On the other hand, if you have the old and the new filename as well, you can create a more reliable rule. In this case, you can check if a lot of filenames have been changed to have the same extension, or simply whether a lot of extensions has been changed to something different. In my query, I’m only going to cover the former scenario but the latter one is not hard to implement either.

Query rule #7:

EDR 
| where action="RENAME" 
| project TimeGenerated, process_id, process_path, old_file_extension, new_file_extension,Computer 
| where old_file_extension != new_file_extension 
| summarize count() by tostring(process_id), Computer, bin(TimeGenerated, 15min), tostring(process_path), tostring(new_file_extension) 
| where count > 100 

FPs:

  1. Some encryption softwares encrypt the data and change it to an exe file. The encrypted file, later on, can be executed, and with the proper password, it will be decrypted (you can whitelist the exe extension).

  2. Similar can happen if you archive a lot of files one-by-one, or you encode a lot of data to a different format (like encode every movie on your machine to wmv).

FN:

  1. Won’t trigger if the files are renamed but their extensions are not changed, or not changed to the same string.

As we did previously, you can also add a constraint that’s going to check the number of distinct folders and not just the amount of files. As a ransomware is going to rename files in various folders, this can be even more reliable.

Interesting tidbit: As I already said Sysmon does not log file rename operations. Sometimes an investigation can be tricky without this information. For example, a user downloaded a file from the internet. The file was renamed after the download. Then the file was executed, and it triggered an AV solution. It can be hard to make the connection between the downloaded file and the detected suspicious one because the rename operation is not logged. The same can happen with ransomwares. You can see on a machine that the files are encrypted and all of them have the same extension. However, they were renamed after creation so you will never be able to identify the process which created them just based on their common extension.

(8) Ransom note creation

The ransomware has to notify the user about the infection and tell him the way and the amount one has to pay. Most of the ransomwares create ransom notes for this reason. Usually, these files are created in every folder the ransomware went through or in every folder a ransomware encrypted a file in. One way or another, this is normally a lot of folders and a great deal of files. It is also typical that the ransomware notes on the machine have the same name and content. Content (hash or even size) is not provided by Sysmon so I did not create a rule for that but you can try if you have the necessary data. Still, we can create a rule that checks whether a lot of files with the same name are generated on a machine by one process. Different folders are not important here because multiple files can’t exist with the same name in the same folder. But we can still use the folder information to eliminate some false positives.
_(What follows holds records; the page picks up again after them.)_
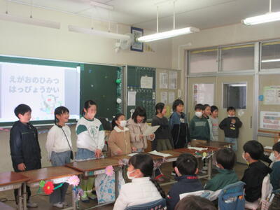 1組は「えがおのひみつたんけんたい」、2組は「つくってためして」の学習について、自分たちでまとめて工夫して発表をしました。
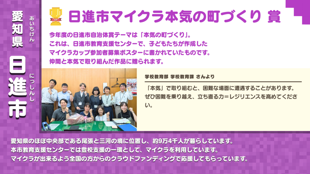 今年度の日進市自治体賞テーマは「本気の町づくり」これは、日進市教育支援センターで、 子ども達が作成したマイクラカップ参加者募集ポスターに書かれていたものです。 仲間と本気で取り組んだ作品に贈る賞
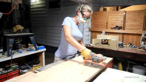 Una vez que el pegamento se seca empecé el minucioso proceso de lijado. Primero empecé con la lijadora de banda para eliminar mucho material y luego más tarde me trasladé a la lijadora orbital con un grano más fino. Este contador requiere mucho lijado. Primero a todas las piezas a la misma y luego quite cualquier arañazos. Este arce era de madera muy dura, y tardó mucho lijado para eliminar las finas marcas y arañazos.
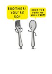"Brother! You're 50! Shut the fork up will you". 'Brother! You're 50!' can be personalised!
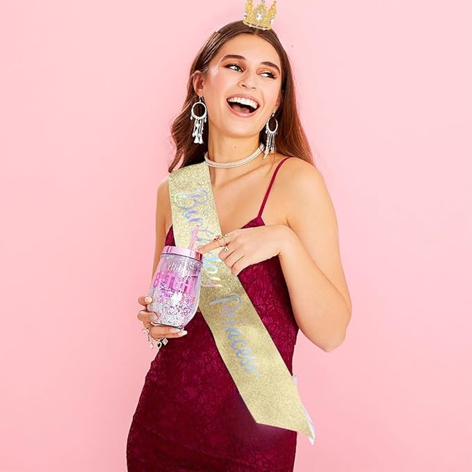 Birthday Princess Sash for Women Tiara & Crowns Headbands for Girls Happy Birthday Party Accessories Favor Supllies Leona Pink Gold, 2 Pack
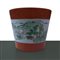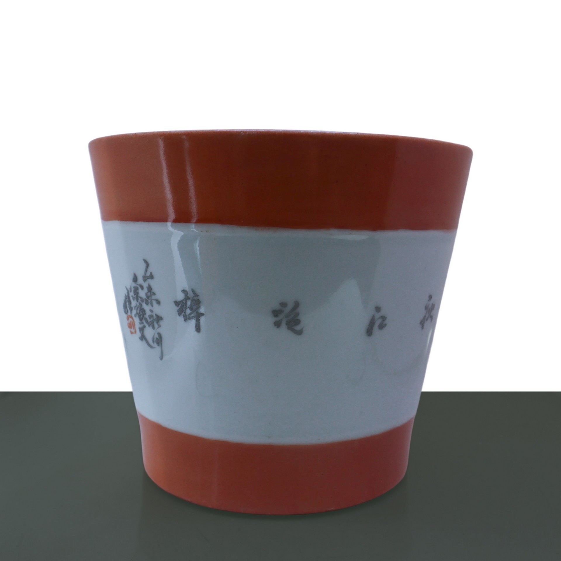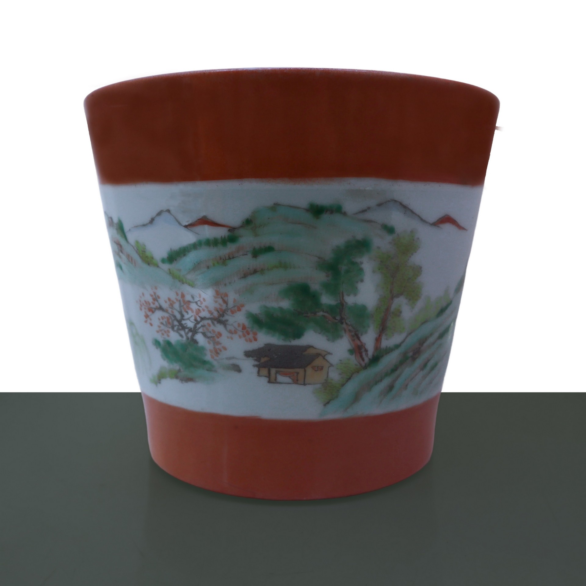 Vaso smaltato nei toni bianco e arancione con decori policromi, 19°/20° secolo h cm 15 x diametro cm 17

This rule was especially noisy for me, so it needed way more whitelisting than the other rules so far (whitelists are not in the query).

If the rule is not working properly for you, you can still try the weighted method I used in the 2nd rule.

Query:

Sysmon 
| where EventID ==11 
| extend file_info = parse_path(tostring(file_name)) 
| extend folder = file_info.DirectoryPath, filename = file_info.Filename 
| project TimeGenerated, process_id, process_path, file_name, filename, Computer, folder 
| summarize dcount(tostring(folder)) by tostring(process_id), Computer, bin(TimeGenerated, 15min), tostring(process_path), tostring(filename) 
| where dcount_folder > 100 

 

FP:

  • There are some processes in Windows which generates lot of files with the same name in different folder. UpdateNotificationMgr.exe is one of them, Chrome also triggered a lot alerts for me. These could be eliminated by using the weighted method, or excluding some subfolders or processes.

FN:

  • Some ransomwares haven’t created a huge amount of ransomware notes.

This rule was created to detect if a process creates files with the same name in different directories. Ransomware notes are generally like this. However, I also caught a ransomware which during the encryption process created a tmp file for every file in the folder the original file was placed in. Furthermore, it named every tmp file the same. After encryption, it saved the data to the tmp file and then renamed the tmp file and overwrote the original file with it. This is the same pattern, many files created with the same name in different folders, so this action was detected as well by accident.

(9) Killing backup/restore services

Ransomwares tend to target various backup/restore processes. That means if you find a process that kills a backup service you should be alert. If the process tries to terminate a various other processes, mainly backup-related programmes, it is already more suspicious. If beside these, you also know you do not have those installed on your system then you should definitely investigate that machine. It is an odd scenario in which a legitimate process tries to kill completely random backup/restore-related processes that you are not even using.

Not 100% sure what is the purpose of killing backup services in some cases. Well, I get that it tries to prevent further backups, or backups that are triggered during file modification or removal, as some backup tools can save a file before changes happen on them. However, in some cases, this process termination can actually save your data. If you only store 1 version of your files as backup, then encrypting the original one and then letting the backup tool to overwrite the backup copy with the new encrypted file can actually destroy your chances of proper restoration.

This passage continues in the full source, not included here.